Exercise >> Would you retype the whole listing verbatim, keeping pictures out of it?

The data >>
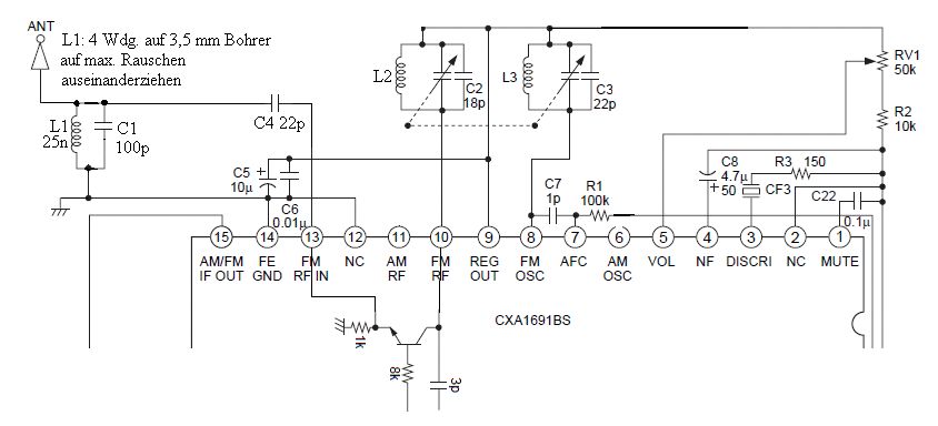 Ich weiss nicht ob mir hier einer helfen kann; ich versuche ein UKW-Radio ohne Bausatz :-) zu bauen mit dem CD1691CB IC (baugleich Sony CXA1691, Datenblatt zB hier http://www.futurlec.com/Sanyo/CXA1691.shtml). Leider bekomme ich nur lautes Brummen und Quietschtöne aus dem Lautsprecher! Ich vermute, dass zum einen der Oszillator und der RF-Schwingkreis nicht genau 10,7 MHz auseinander liegen ?! Und / oder dass die beiden Schwingkreise generell auf falscher Frequenz schwingen. Der Bandpass-Filter ist ja wohl nicht so wichtig um überhaupt einen Sender zu hören? Die OSC-Spule (siehe Bild) und die RF-Spule habe ich genau wie in einem funktionsfähigen Radio mit gleichem IC gewickelt - 0,6 mm Draht, Durchmesser 4mm, Wicklungen siehe Bild. Beide Kreise haben einen 18 pF Kondensator und den Drehko (ausgebaut aus Billigradio, genau wie den Diskriminator und den anderen Keramikfilter). Ich habe leider KEIN Oszilloskop!
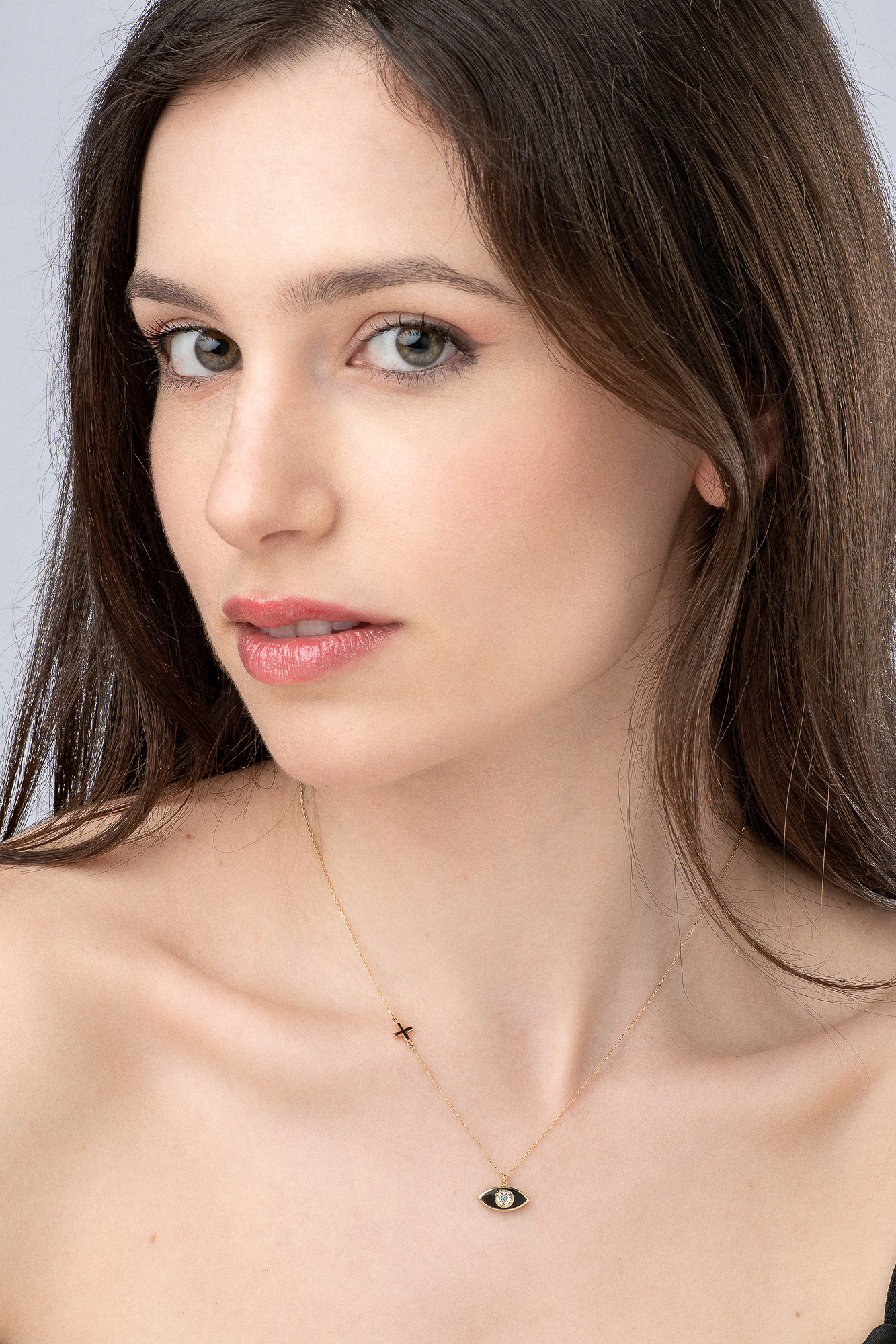| Description | Pendant in 14K yellow gold with a black enamel cross and an evil eye adorned with white and light blue zircons |
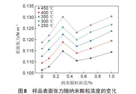 圖8為不同溫度工況點(diǎn)下樣品表面張力隨納米顆粒濃度的變化情況。

Solution to this problem >>
 Ich weiss nicht ob mir hier einer helfen kann; ich versuche ein UKW-Radio ohne Bausatz :-) zu bauen mit dem CD1691CB IC (baugleich Sony CXA1691, Datenblatt zB hier http://www.futurlec.com/Sanyo/CXA1691.shtml). Leider bekomme ich nur lautes Brummen und Quietschtöne aus dem Lautsprecher! Ich vermute, dass zum einen der Oszillator und der RF-Schwingkreis nicht genau 10,7 MHz auseinander liegen ?! Und / oder dass die beiden Schwingkreise generell auf falscher Frequenz schwingen. Der Bandpass-Filter ist ja wohl nicht so wichtig um überhaupt einen Sender zu hören? Die OSC-Spule (siehe Bild) und die RF-Spule habe ich genau wie in einem funktionsfähigen Radio mit gleichem IC gewickelt - 0,6 mm Draht, Durchmesser 4mm, Wicklungen siehe Bild. Beide Kreise haben einen 18 pF Kondensator und den Drehko (ausgebaut aus Billigradio, genau wie den Diskriminator und den anderen Keramikfilter). Ich habe leider KEIN Oszilloskop!
| Description | Pendant in 14K yellow gold with a black enamel cross and an evil eye adorned with white and light blue zircons |
 圖8為不同溫度工況點(diǎn)下樣品表面張力隨納米顆粒濃度的變化情況。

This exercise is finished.